4. While some improvement has been made in the justification for the data in Figure 8 to be included in the manuscript, it is still a poor fit. For example, these data are in a different mouse model that is not the focus of the rest of the paper, and has very low N's (n = 2 for one condition). The data does not flow well with the rest of the paper, and seems to really come out of the blue from the rest of the paper. The authors should either motivate this better, or, ideally, remove this data and include it in a subsequent paper.

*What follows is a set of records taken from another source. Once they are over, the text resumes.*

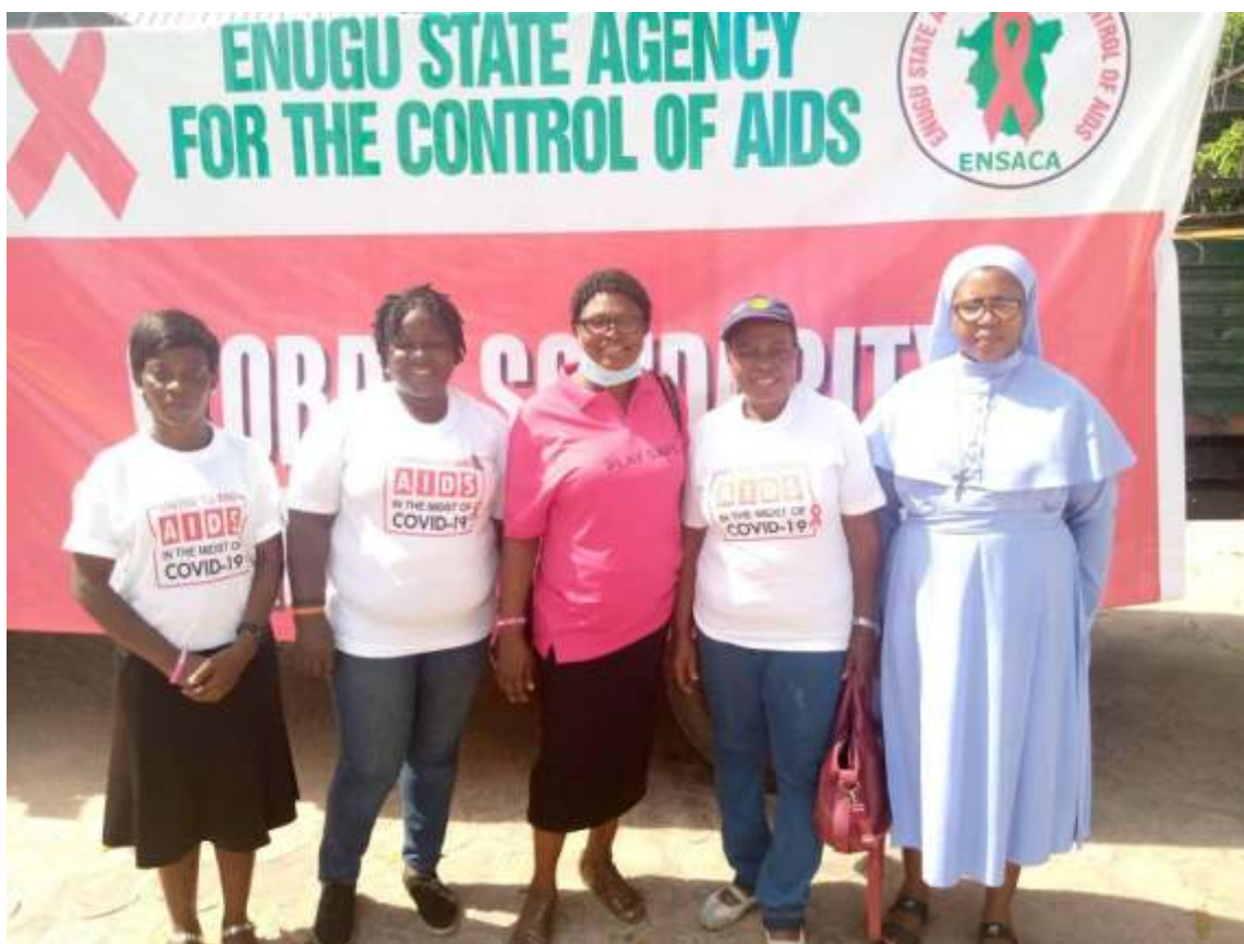
2020 World AIDS Day celebration in Enugu
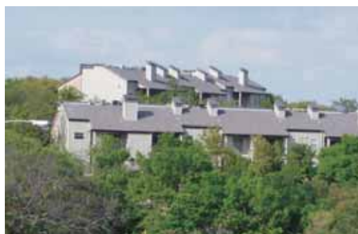
Indian Creek Apartments
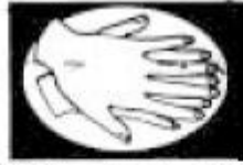
(2) The back of hands
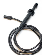
non-contact probe WASONBDOT
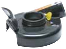
7in Hinged IXL Shroud
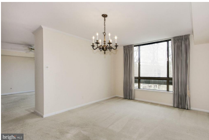
Dining room from kitchen
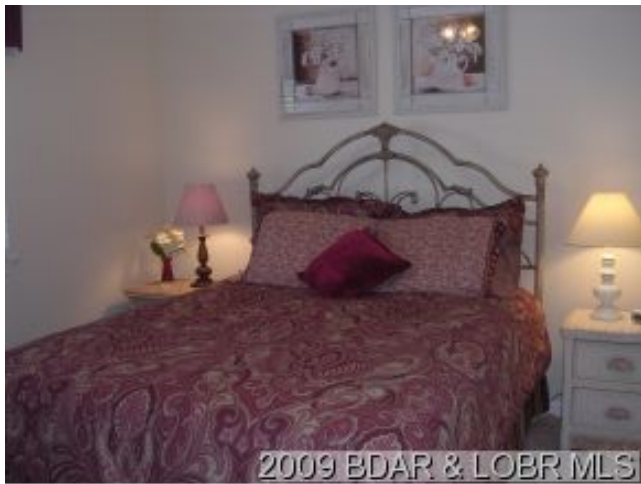
2009 BDAR & LOBR MLS 2nd Bedroom
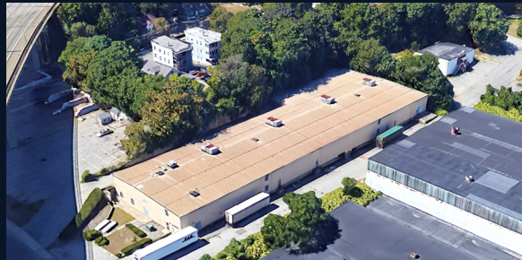
56 Lewis Street, New London, CT ~67,751 SF
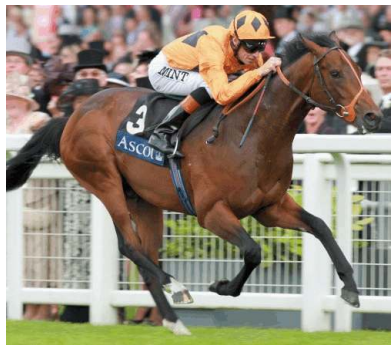
Canford Cliffs

Steinbeck was behind stable companions Beethoven (Ire) (Oratorio {Ire}), Fencing Master (GB) (Oratorio {Ire}) and Xtension (Ire) (Xaar {GB}) in the Dewhurst, and the latter pair have the advantage of race fitness here,

These mice were specifically designed to test our small molecule readthrough compounds. We have modified the introduction to make this rationale clearer.

“Finally, we designed this new mouse model to test our recently developed Small Molecule Read-Through Compounds (SMRT) that enable translation through premature termination codons (Du et al. 2013). Thus, we inserted a premature termination-causing nonsense mutation (103C>T) in the Atm gene common to a large family of North African A-T patients (Gilad, Bar-Shira, et al. 1996). This mutation results in a premature termination codon (PTC) at what would normally be amino acid 35 and the loss of ATM translation. Here, we report proof-of-principle experiments demonstrating that genetic mutations incorporated into the A-T mouse model are amenable to read-through compounds and thus appropriate for preclinical testing of the SMRT compounds.”

Additionally, we have added another biological replicate to the experiment in Figure 8; thus, all experiments are confirmed in at least triplicate.

5. Please edit lines 496-7. The statement that Cav2.1 is shown to contribute to baseline excitability is not shown in the cited paper.

Upon further reflection, we believe that this sentence suggests that for a majority of SCAs the link between the disease-causing protein defect and ataxia is straightforward. Since this is not the case, we have simplified this sentence to:

“The mechanistic link between deficiency in DNA stability proteins like ATM and APTX and PN dysfunction is far from clear.”